How to Make Elote-Style Roasted Corn
- Roast the corn in the husks - when you don't have access to a grill or just don't want to mess with grilling, roasting corn in the oven is a super easy alternative. When you roast it in the husks, it gets perfectly tender and keeps all the juices inside the kernels, lending super tasty and juicy corn for our salad!
- Broil the poblano peppers - you will want to place whole peppers on a baking sheet, then place them about 6-12'' from the broiler element. Broil on high for 5-7 minutes per side, until the peppers have a nice char on all sides.
- Shuck the corn - at this point, the corn has cooled somewhat, and you can more easily remove the husks and silk from each corn cob.
- Sear the corn - this step is optional, but if you want a nice char on your corn kernels, you can sear the corn on the cob in a hot cast-iron skillet over medium heat for 2-3 minutes per side. If you are anxious to be done cooking though, go ahead and skip this step.
- Cut the corn off of the cob - I find the best way to go about this is to use a serrated knife and cut the corn off the cob into a rimmed baking sheet. The rim will keep the corn from going all over your countertop. Set the baking sheet on a towel to keep it from sliding around as you cut.
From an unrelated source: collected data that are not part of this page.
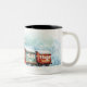 Celebrate the magical and festive holiday season with our personalized photo mug. Our vintage holiday design features a farm landscape of Christmas trees, this Christmas pattern features a farm Christmas scene with a farm, a red barn, children playing and throwing snowballs, Christmas trees and a red vintage truck
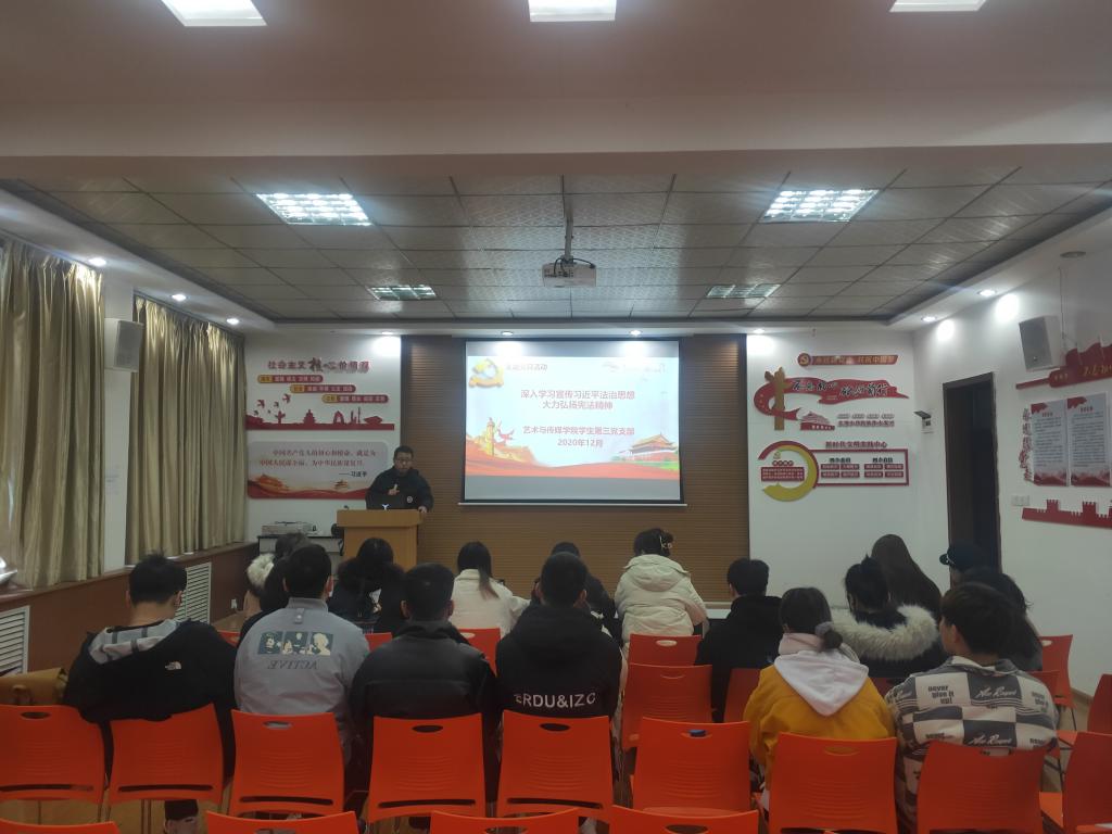 为了认真学习领会习近平法治思想、吃透基本精神、把握核心要义,12月4日,艺术与传媒学院学生第三党支部于教2-306开展“深入学习宣传习近平法治思想 大力弘扬宪法精神”主题党日活动。支部书记张晓宾主持会议,支部全体学生党员参加了此次主题党日活动。
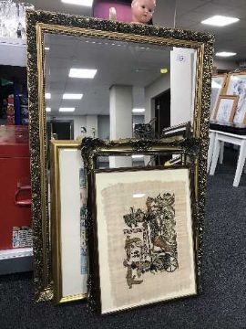 A gilt framed over mantel mirror, gilt mirror, Egyptian print and gilt framed Bruce Clint print
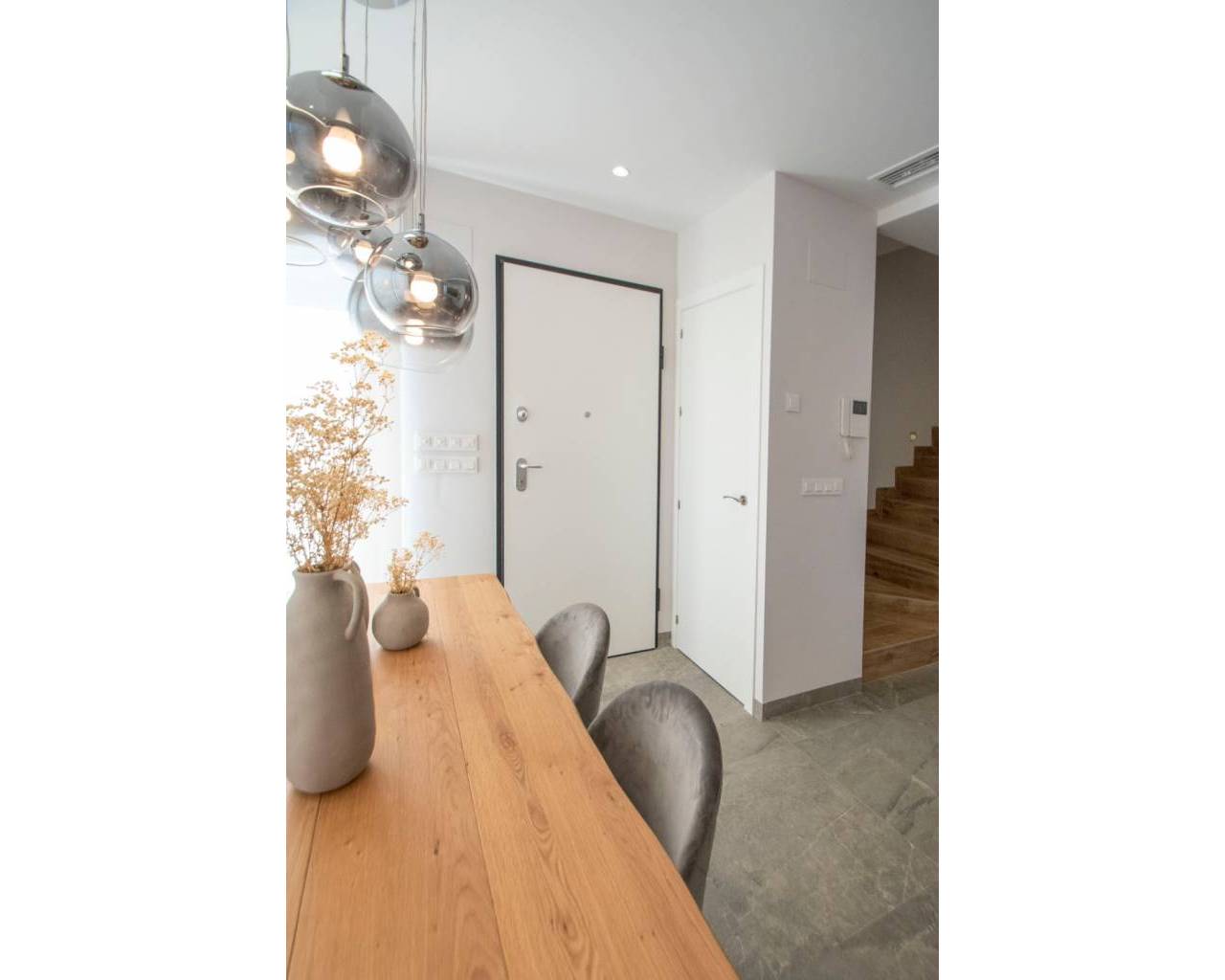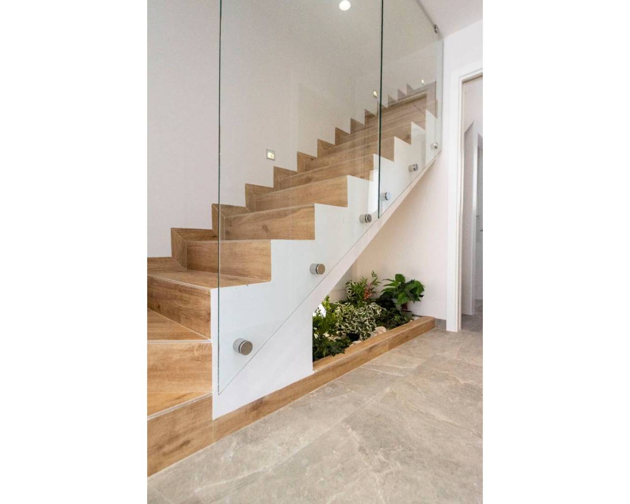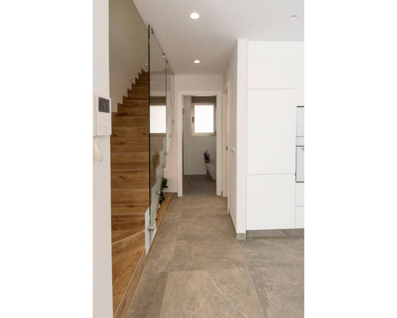 Fantastic Villa for sale located in Lo Romero Golf, Pilar de la Horadada. In the centre of the Lo Romero Golf Club is this private residential complex , with a communal pool and views of the golf course and its idyllic surroundings. 7km from the seaport and the best beaches of Torre de la Horadada such as the Jesuit beach, known for its large size, its clean waters and white sand, in addition to the fact that it is very common to practice sports such as volleyball, handball, surfing, etc. You will also find beautiful coves where you can dive and get to know the marine fauna first-hand. Two-storey villa of 127.44m² that is distributed in a spacious living room attached to an American kitchen with breakfast bar on the peninsula, it also consists of two large terraces and a swimming pool. Three double bedrooms two of them en suite with en-suite bathroom and a separate bathroom. The house has been designed and built with the best qualities on the market and a contemporary style, quite bright, with windows in all orientations. On the third floor there is a solarium of 54.00m² where you can enjoy the views and the sunny days offered by the Mediterranean.

- Dice the peppers - there is no need to remove the skin from the peppers in this case. But if you want to, by all means, go ahead! I like where gloves when slicing peppers to avoid skin irritation and use my fingers to scrape the seeds off of each side of the pepper before I chop it.
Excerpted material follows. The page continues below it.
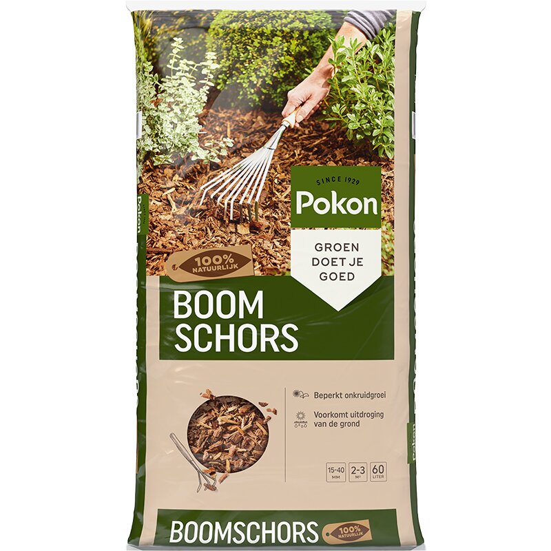 Pokon Verse Boomschors is geschikt als decoratie in borders en voor de aanleg van paden in de tuin. Deze 100% natuurlijke bodembedekker is gemaakt van schors van de grove den en heeft een afmeting van ca. 15-40mm. Boomschors werkt vochtregulerend, waardoor de grond minder snel uit zal drogen.
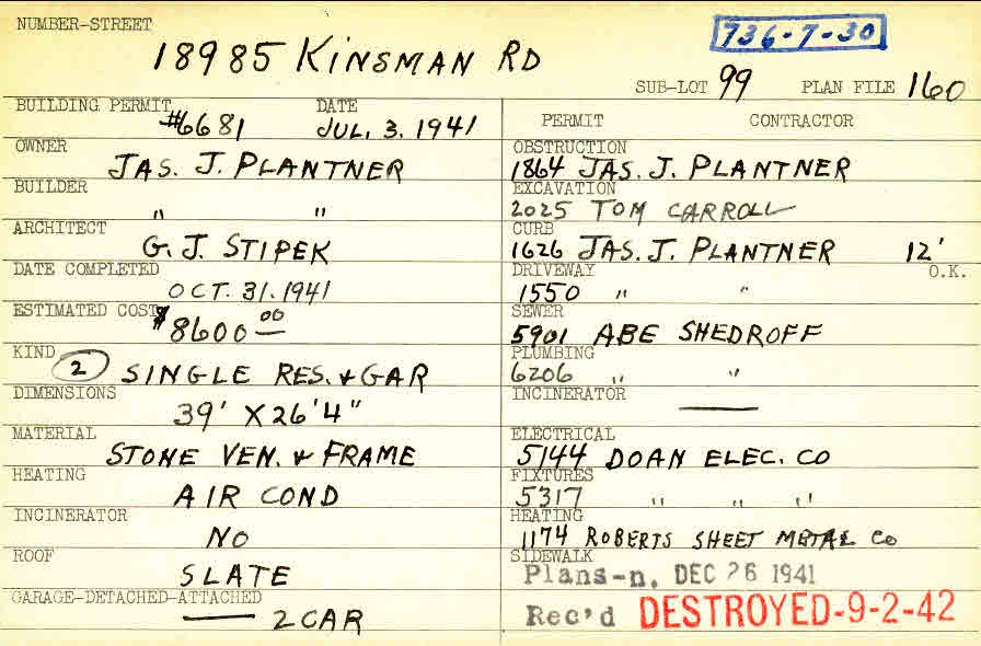 18985 Chagrin Boulevard Shaker Heights, OH 44122 PARCEL ID: 736-07-030 Building Permit Date: 07-03-1941 Plan File Number: 160 Neighborhood: Sussex Owner: Plantner, James J. Builder: Plantner, James J. Architect: Stipek, G. J. Estimated Cost: 8600 Date Completed: 10-31-1941 Kind: Single Dwelling and Garage (2) Material: Stone Veneer and Frame Heating: Air Conditioned Roof: Slate Garage: attached 2 car Card Available: yes |

- Mix it all together - once the corn kernels are removed and the peppers are chopped, it's time for the easy part! You can mix them in a large bowl with the remaining ingredients and get on to eating!
What to Pair With This Recipe
Mmmmmm what NOT to pair with this recipe should be more like it, because it is delicious with so many things! I'd serve it with:
- Grilled carne asada
- As a taco topping
- As a side dish with enchiladas
- Onmango chicken tacos, burrito bowls, or any type of Mexican "bowl" situation
- On top of nachos
- With brisket and Healthy Refried Black Beans
File this under your Cinco de Mayo menu options - this one is a keeper for sure!
Are you ready to make this Elote-Style Roasted Corn and Poblano Peppers? I’m so excited for you to try this recipe. Once you get the chance to make it, please let me know how it turns out for you! Leave a comment and rate the recipe below. This will help me with the creation of future recipes! I’d also love to feature your creation in my monthly newsletter, so you can upload a photo to Instagram or Twitter with the tag @sweetcayenne5 to be featured!
Elote-Style Roasted Corn and Poblano Salad
- 6 ears of corn (roasted, seared, shucked, and kernels cut off)
- 2 medium poblano peppers (roasted under broiler 8-10 minutes)
- 2 tablespoons salted butter
- 2 tablespoons olive oil mayo
- 3 tablespoons fresh lime juice (about 2 limes)
- 1 tablespoon Tajin chile-lime seasoning
- ½ teaspoon black pepper
- ¼ teaspoon salt
- ½ cup Cotija cheese
- ⅓ cup basil leaves, roughly chopped (or cilantro)
- Preheat oven to 350℉. Place whole ears of corn on a baking sheet. Roast for 30 minutes. Remove from oven and let cool for 15 minutes before handling.
- While the corn is cooling, preheat your broiler on high. Place the poblano peppers on the baking sheet. Broil (with the rack placed 12 inches from the broiler for 4-5 minutes on each side until all sides of the pepper are lightly charred. Remove from oven and let cool.
- Shuck to corn husks and remove all silk. Sear the corn lightly on all sides in a skillet over medium-high heat, about 1 minute per side. Rub the butter all over each ear of corn. Use a serrated knife to carefully remove the corn kernels from the cob. Place kernels in a large bowl.
- Finely chop the poblanos, discarding the core and seeds (no need to peel the pepper). Add the chopped pepper into the bowl of corn.
- In a small bowl, combine the mayo, lime juice, Tajin, black pepper, salt, cheese, and basil. Add to the corn and peppers. Toss lightly to combine thoroughly. Serve immediately or chill for up to 4 hours before serving.
- Leftovers will keep for up to 3 days in the fridge.